The Florida Constitution
Article 1, Section 3 of the Florida Constitution reads that:
There shall be no law respecting the establishment of religion or prohibiting or penalizing the free exercise thereof. Religious freedom shall not justify practices inconsistent with public morals, peace or safety. No revenue of the state or any political subdivision or agency thereof shall ever be taken from the public treasury directly or indirectly in aid of any church, sect, or religious denomination or in aid of any sectarian institution.
FL. CONST. Art. 1, Sec. 3.
As Plaintiffs note, Florida courts adopt the federal interpretation of the First Amendment to the extent that it tracks the Florida Constitution. Todd v. State of Florida, 643 So. 2d 625 (1st DCA 1994). Under federal law, the Government is not allowed to sponsor, support or be actively involved in religious activities. Lemon, 403 U.S. 612-13. Thus, Plaintiffs would be entitled to judgment under Florida law as well as federal law. Judgment is particularly appropriate in this case because of Florida's express provision that "[n]o revenue of the state or any political subdivision or agency thereof shall ever be taken from the public treasury directly or indirectly in aid of any church, sect, or religious denomination or in aid of any sectarian institution." In this case, the City used public funds and its personnel to erect, repair, maintain and illuminate the Cross. This use of funds is a clear violation of the Florida Constitution. Accordingly, the Cross violates the Florida Constitution.
IV. Conclusion
The Court is cognizant of the fact that there is a lot of support for keeping the Cross within the City; however, as the Eleventh Circuit has stated so clearly and eloquently before, "we cannot close our eyes to the light of the cross on the ground that it represents only a minor encroachment of this constitutional command, for the `breach of neutrality that is today a trickling stream may all to soon become a raging torrent.'" American Civil Liberties Union v. Rabun County Chamber of Commerce, Inc., 698 F.2d 1098, 1111 (11th Cir. 1983) (internal citations omitted).

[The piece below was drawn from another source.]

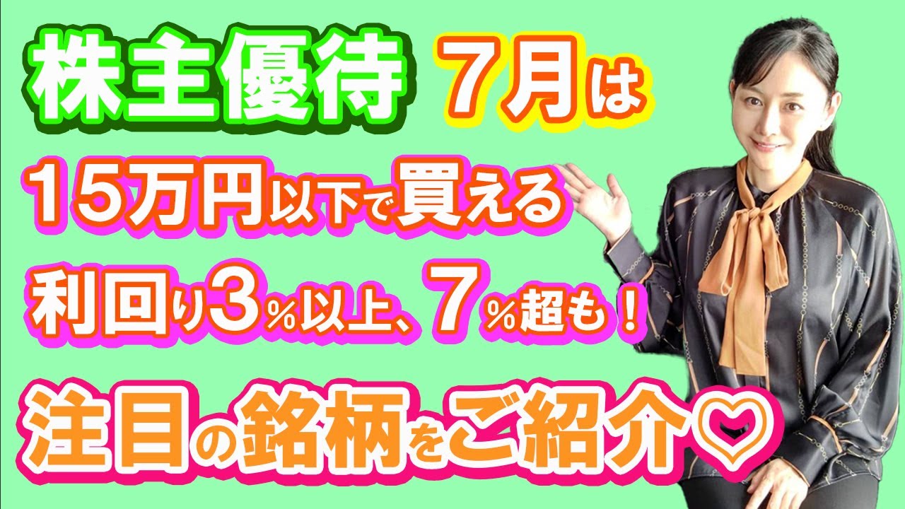 今回は特に、優待品だけではなく、配当金もあって、その中でも必要投資金額が15万円以下で買えて、利回り3%以上の銘柄ををピックアップしてご紹介しています。

In the Motion to Dismiss Complaint as Moot (Dkt. 24), the City informs the Court that it has removed the Cross from the water tower. Despite the removal, it is necessary to grant the Motion because it is not absolutely clear that the City will not put the Cross back on top of the water tower at a later date. This is especially true in light of the fact that the City's Motion to Dismiss Complaint as Moot speaks only to the instant removal of the Cross and makes no pledge, promise or any type of formal binding commitment not to replace it at some future date. Thus, the Court can only conclude that without the entry of summary judgment the City may at some point in the future seek to put the Cross back on the water tower.
For the reasons set forth above, the Court finds that Plaintiffs are entitled to summary judgment on each of the Counts raised in their Complaint. Accordingly, the Court GRANTS Plaintiffs' Motion (Dkt. 23) and enjoins the City from displaying, maintaining, illuminating or otherwise allowing a Latin cross to appear on its water tower and DENIES the City's Motion to Dismiss Complaint as Moot (Dkt. 24).
DONE AND ORDERED in Chambers at Jacksonville, Florida.